> Work task:
Retype, word for word, the line holding "夕食、豚肉のガーリック炒め、" and every line below it to the end of the listing. Leave out the pictures.

> Exercise data:
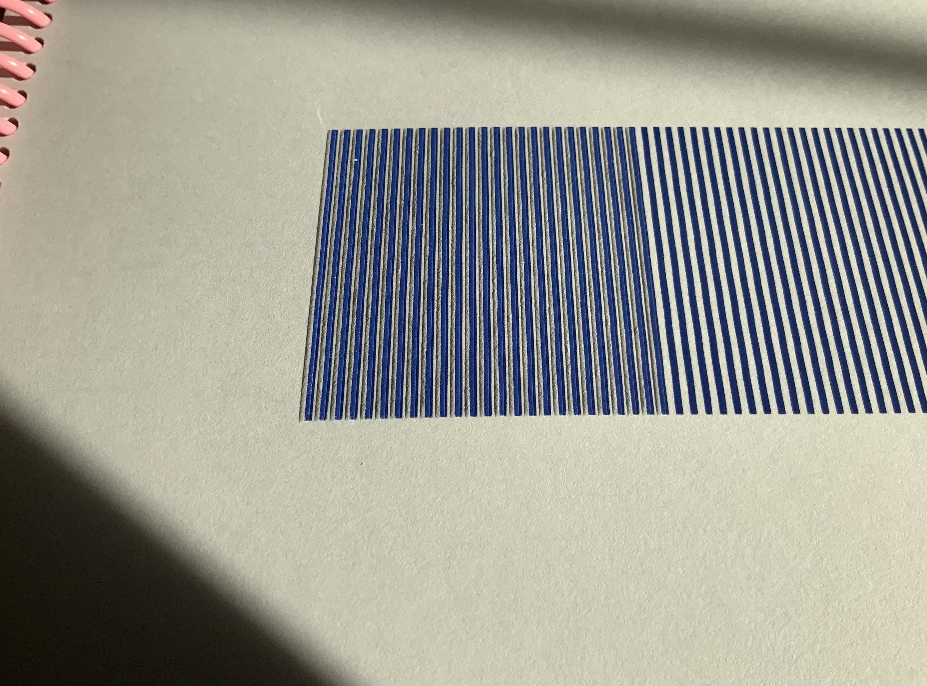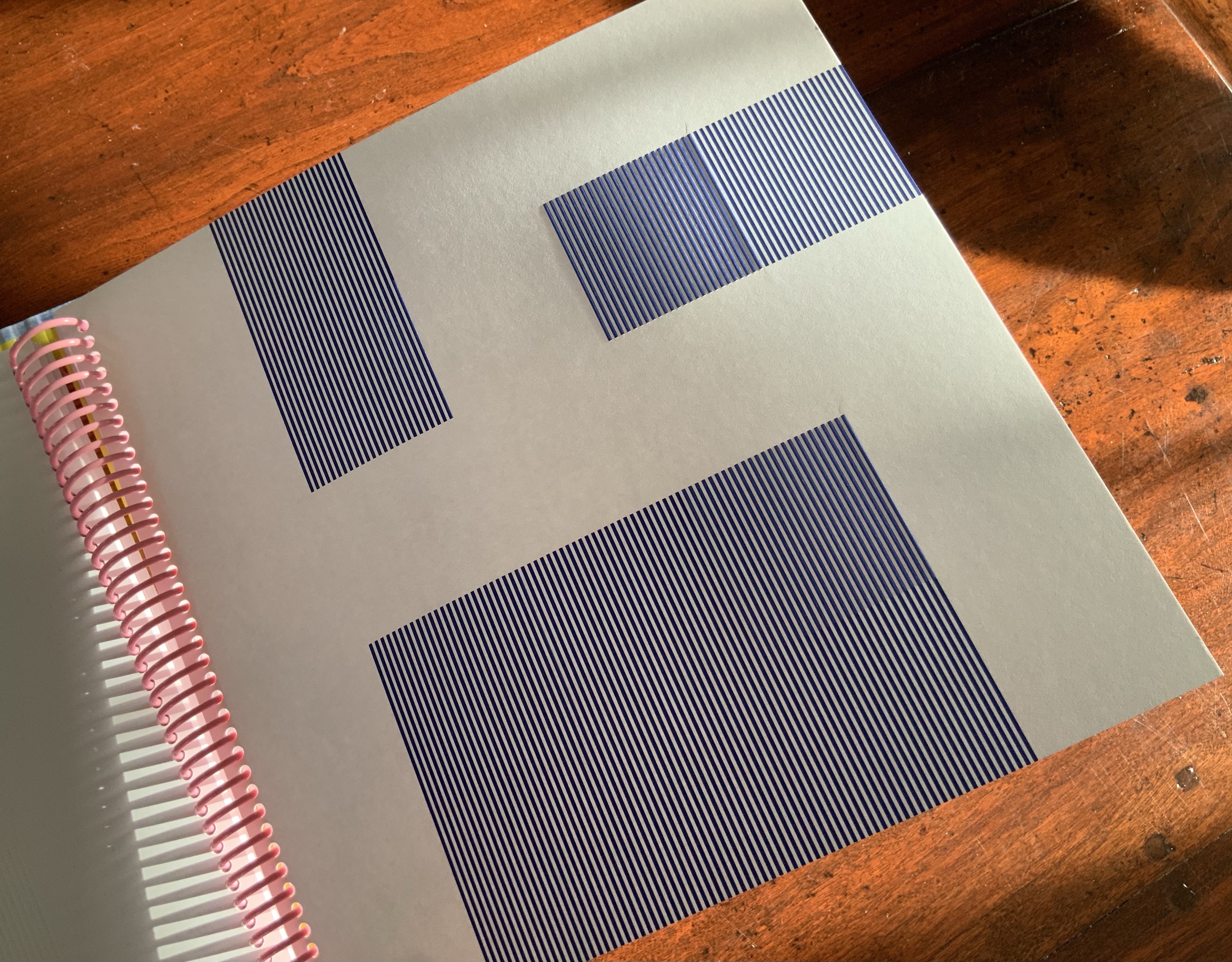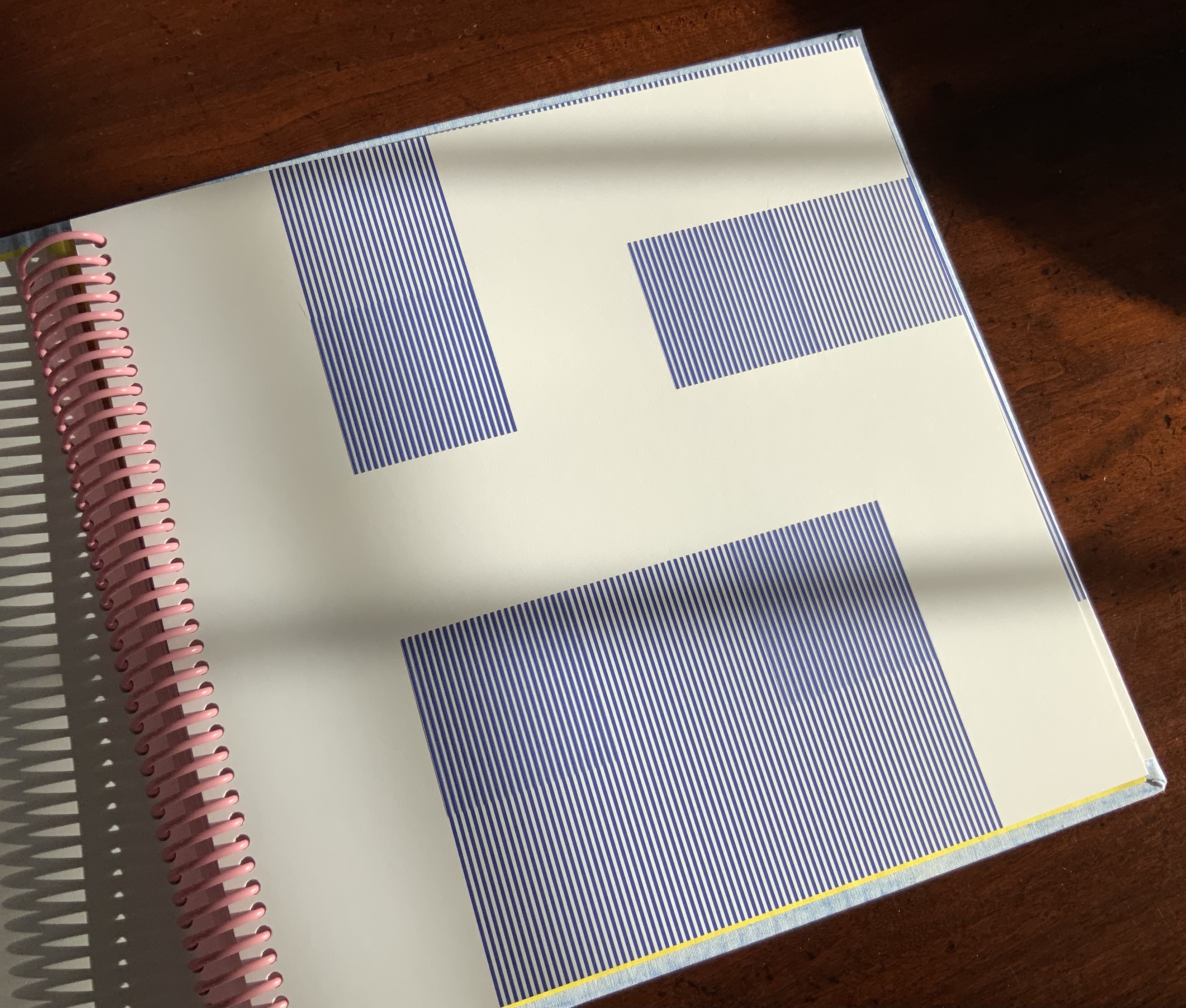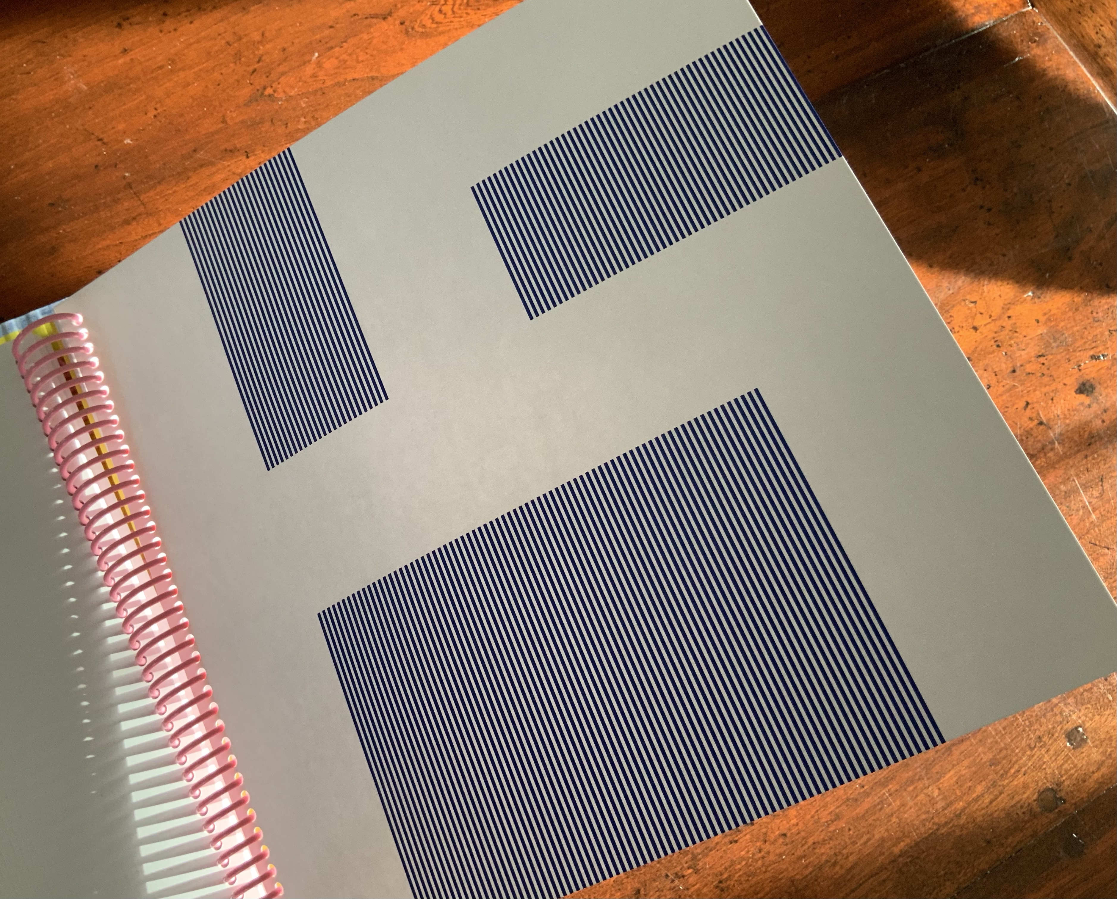 Discerning the letters in LINE UP feels sometimes like squinting one’s way through an optical illusion. The eye is bewitched by a color-shifting, almost stroboscopic effect created by four squares of embossed lines printed from the reverse side, always in the same position. Della Olga credits Christophe Boutin (Three Star Press) with introducing this effect.
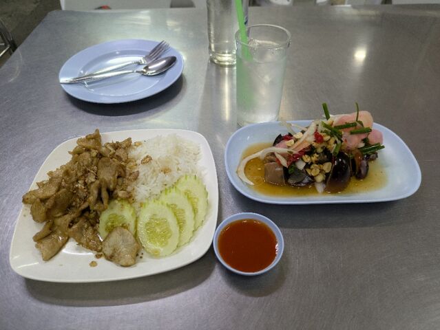 夕食、豚肉のガーリック炒め、ピータンサラダ、ローカル食堂、630円。美味しゅうございます。
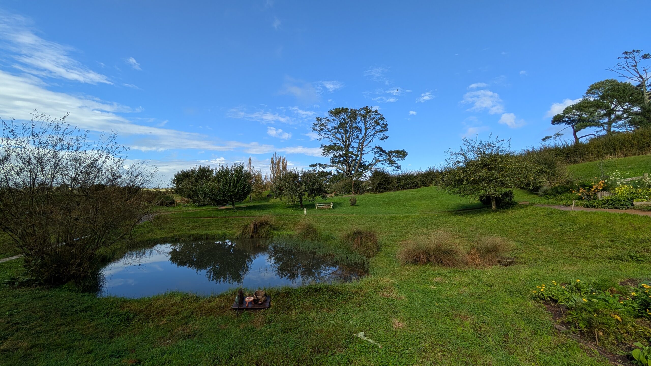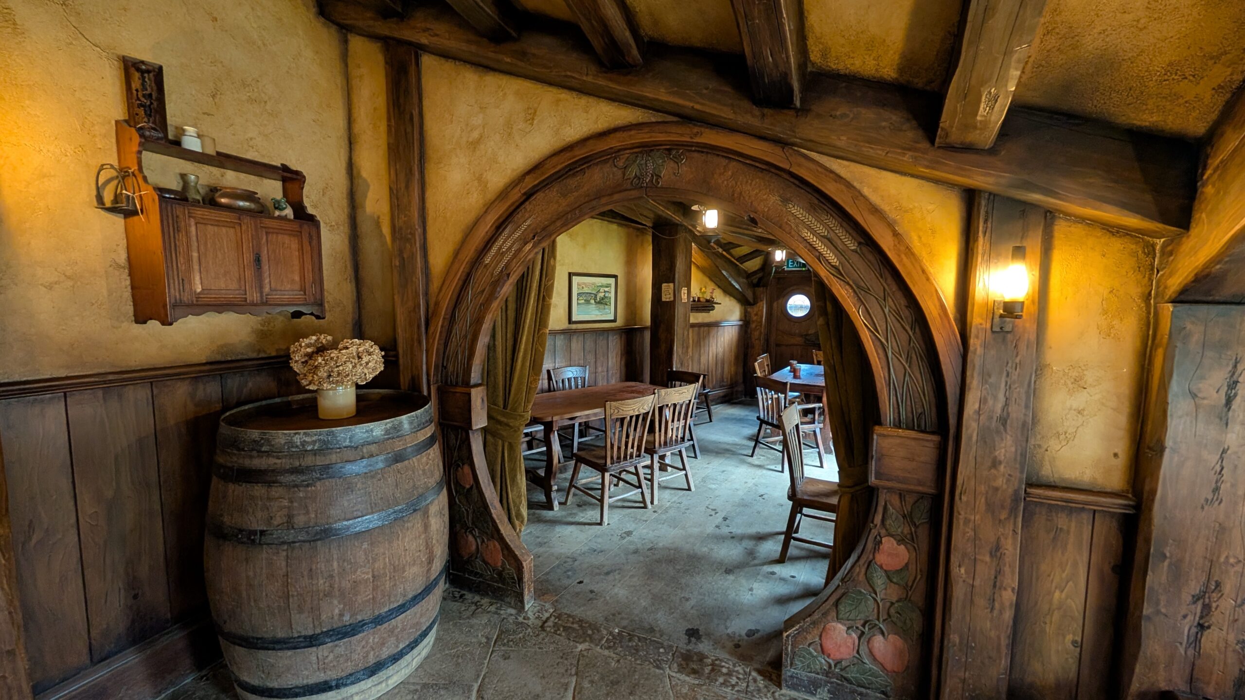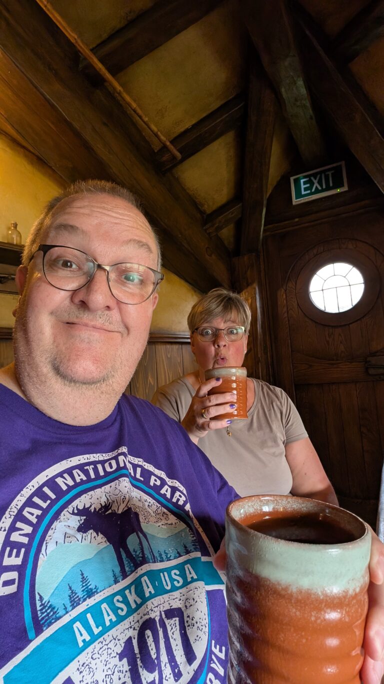 Na de bezichtiging van het Hobbit huisje wandelen we over de prachtige stenen brug richting “the Green Dragon” waar we worden getrakteerd op een drankje naar keuze. Uiteraard geheel in Hobbit stijl. Sieg neemt het gemberbier en Dré de cider. We krijgen hier nog lekker de tijd om ons drankje op te drinken en nog buiten fotootjes te schieten en rond te kijken waarna we richting uitgang nog langs de visvijver en weer door de tuin teruglopen.

> Response to the task:
 夕食、豚肉のガーリック炒め、ピータンサラダ、ローカル食堂、630円。美味しゅうございます。
 Na de bezichtiging van het Hobbit huisje wandelen we over de prachtige stenen brug richting “the Green Dragon” waar we worden getrakteerd op een drankje naar keuze. Uiteraard geheel in Hobbit stijl. Sieg neemt het gemberbier en Dré de cider. We krijgen hier nog lekker de tijd om ons drankje op te drinken en nog buiten fotootjes te schieten en rond te kijken waarna we richting uitgang nog langs de visvijver en weer door de tuin teruglopen.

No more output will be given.